Didi will deploy 30 different models of L4 autonomous driving vehicles and the program will be a mixed dispatching model, combining both autonomous driving vehicles and human-driven vehicles given the complex traffic and road conditions in the city.  

“Working with our auto-industry partners, Didi has the potential to become the first business to realize a large-scale pilotless taxi service in China,” said Zhang Bo, chief technology officer of Didi and CEO of Didi’s autonomous driving company. 

Artificial intelligence capabilities have been helping to detect whether drivers are fatigue after long hours of driving, and also offer tailor-made reports to improve safety based on each driver's different habits. 

"The application of AI technologies in the transportation area would greatly reduce the fatality and accident rate in the long run," Cheng Wei told an industry forum during the WAIC. 

"But we still urge passengers to put on safety belts to reduce casualties in case of accidents despite progress in AI technologies," he added. 

Connected car software has also been gaining attention with more AI-enabled Internet of Things functions turning bikes and vehicles into smart devices as well. 

A latest version of Banma Network's in-car operation system is on display at the Shanghai World Expo Exhibition and Convention Center which allows facial recognition of drivers, augmented reality mapping and navigation, robotic assistance and car chat to allow car owners to send voice or text from voice-assistant-enabled steering wheels. 

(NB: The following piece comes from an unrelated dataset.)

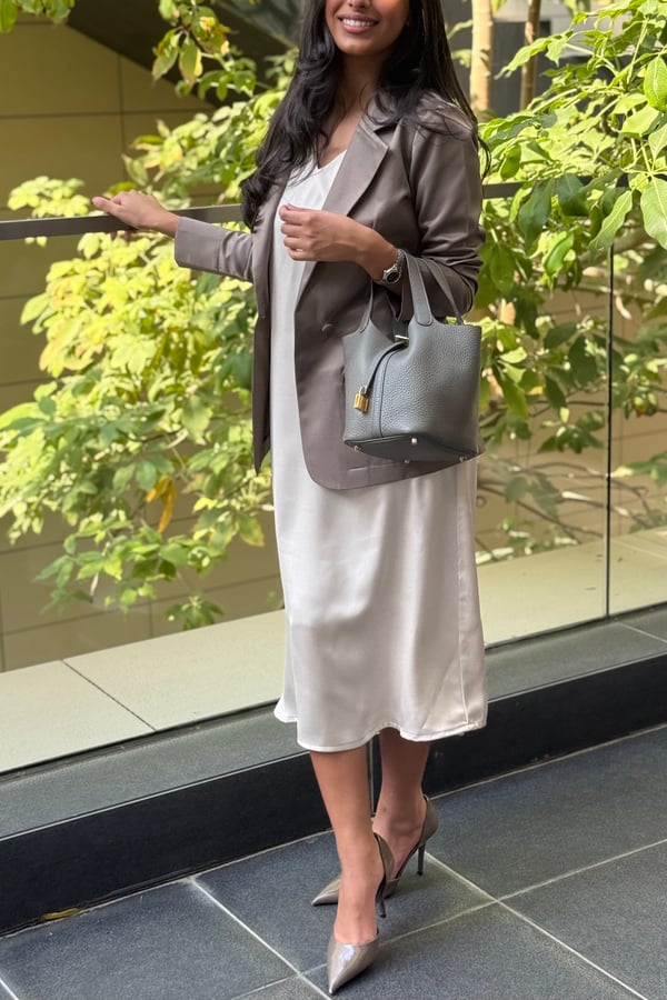 A set of a trench coat fabric blazer and a silk dress. The model is wearing a small size.
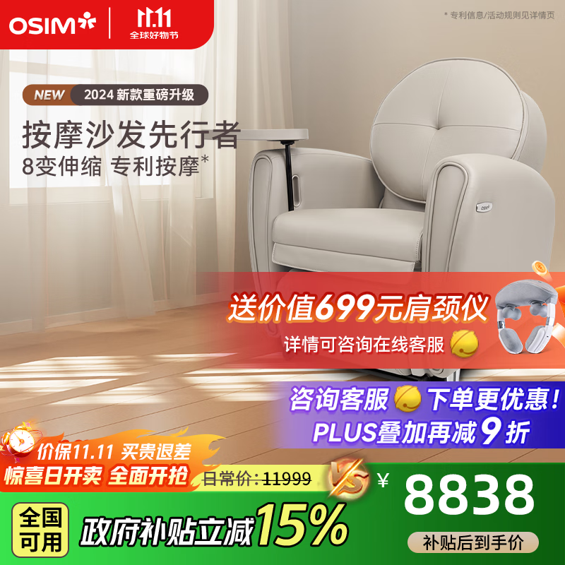 傲胜(OSIM)【政府补贴15%】按摩椅家用8变小天后Plus全身按摩沙发椅 OS-875P 珍珠灰 生日礼物实用送父母

Some of the functions have been deployed on the newly launched Roewe RX5 MAX model and will also be put in other vehicle brands. 

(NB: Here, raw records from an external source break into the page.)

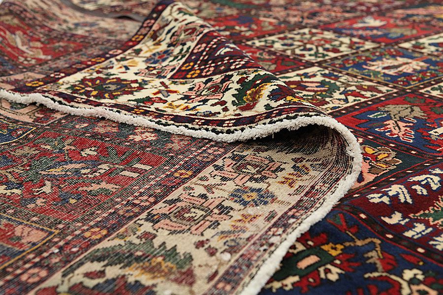 Tappeti Bakhtiari: Sui monti Zagros,a occidente della città Isfahan,intorno alla città Shar-e-Kurd, vivono i nomadi Bakhtiar.I loro tappeti sono noti per il disegno con vari quadrati ripetuti, in cui vengono rappresentati fiori o animali.Per questa ragione il disegno si chiama " Giardino"(Khesti).I loro tappeti sono assai robusti,dalla tessitura fitta e sono di una lana di qualità molto buona,ricavata da pecore che pascolano ad alta quota.I migliori tappeti Bakhtiari che hanno la maggiore fittezza di nodi si chiamano Bibibaf.In oltre in molti disegni si notano influenze dei manufatti Isfahan(Boldaji,Feridan,Saman).
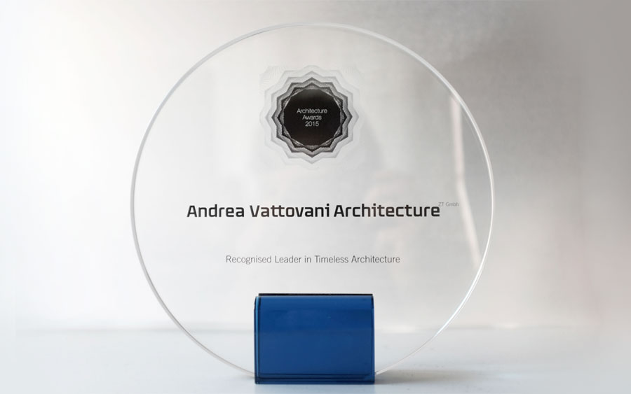 Andrea Vattovani Architecture was awarded as recognized leader in Timeless Architecture with the  Architecture Award 2015 from English magazine Build.
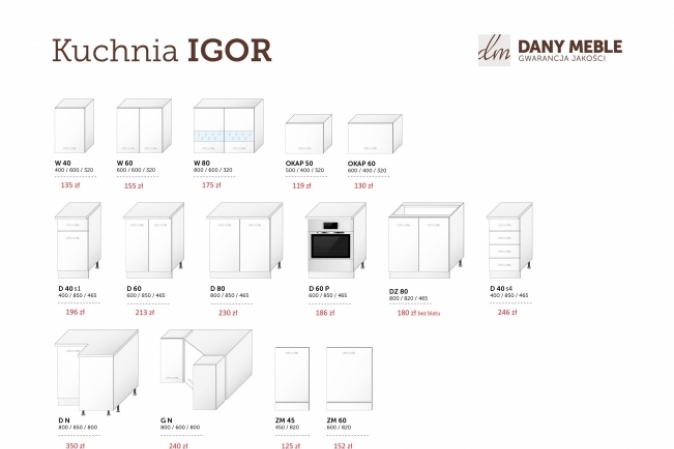 Uwaga! Ceny szafek podane bez kosztu blatu!
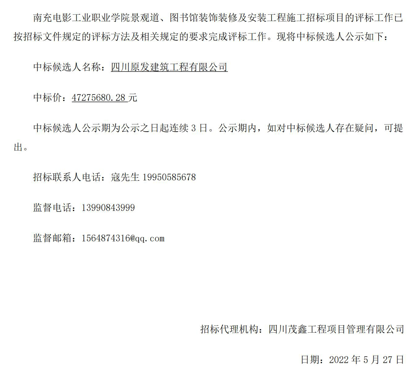 南充电影工业职业学院景观道、图书馆装饰装修及安装工程中标公示
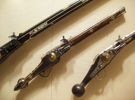 其实,在重武器普及之前,一种先进的枪支往往是改变战争结局甚至国家命运的关键。同人类所有奢侈品一样,对这些在诞生之初还极为复杂和昂贵的火器,匠人们毫不吝惜为它配以华贵的装饰。16世纪初开始代替火绳枪的革命性发明——转轮打火枪就不乏镶金嵌玉的奢华之作,至今深受藏家追捧,也被一些欧洲博物馆视若镇馆之宝。有趣的是,发明转轮打火枪的,正是德国纽伦堡著名钟表师约翰-基夫斯,这从侧面揭示了枪械与钟表用工精深的共同渊源。随后出现的燧发枪同样被欧洲贵族们搞得珠光宝气、做工华丽。
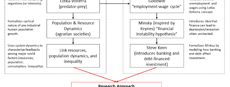 Figure 4. The research approach makes the critical link between biophysical modeling concepts and those of economic models that specifically include the link of debt-based finance to employment and economic growth.
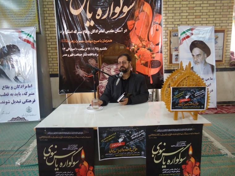 به گزارش روابط عمومی اداره کل اوقاف و امور خیریه استان یزد، در راستای برگزاری مراسم سوگواره یاس نبوی در امامزادگان و بقاع متبرکه اولین همایش رهروان یاس نبوی ویژه خواهران روز یکشنبه 25/01/92 همزمان با شهادت مظلومانه صدیقه کبری حضرت فاطمه زهرا(س) با حضور استاد آبایی مدرس حوزه و دانشگاه در محل امامزاده مراد اشکذر برگزار شد.

Alibaba Group is also strengthening smart vehicle investment by holding a majority stake in connected vehicle service provider Banma Network, a joint venture between the e-commerce giant and SAIC Motor Corp. 

Alibaba's YunOS has already been used in SAIC models as well as car brands such as Chang'an Ford, Skoda, Qoros and Baojun.

AI pushing transport development
Ti Gong

Hello Bike is showcasing how urban transport management is powered by artificial intelligence. 

Shanghai-headquartered Hello Bike is showcasing how urban transport management is powered by artificial intelligence. The Ant Financial-backed public bike rental company is using bluetooth and visual detection to help manage traffic situations. 

It's also using AI to dispatch bikes and operation and maintenance staff to areas where more bikes are needed during peak hours. 

Its electronic dock feature also reminds users of putting bikes in designated areas and to alert traffic authorities of irregularities to avoid overcrowding at bike parking spaces.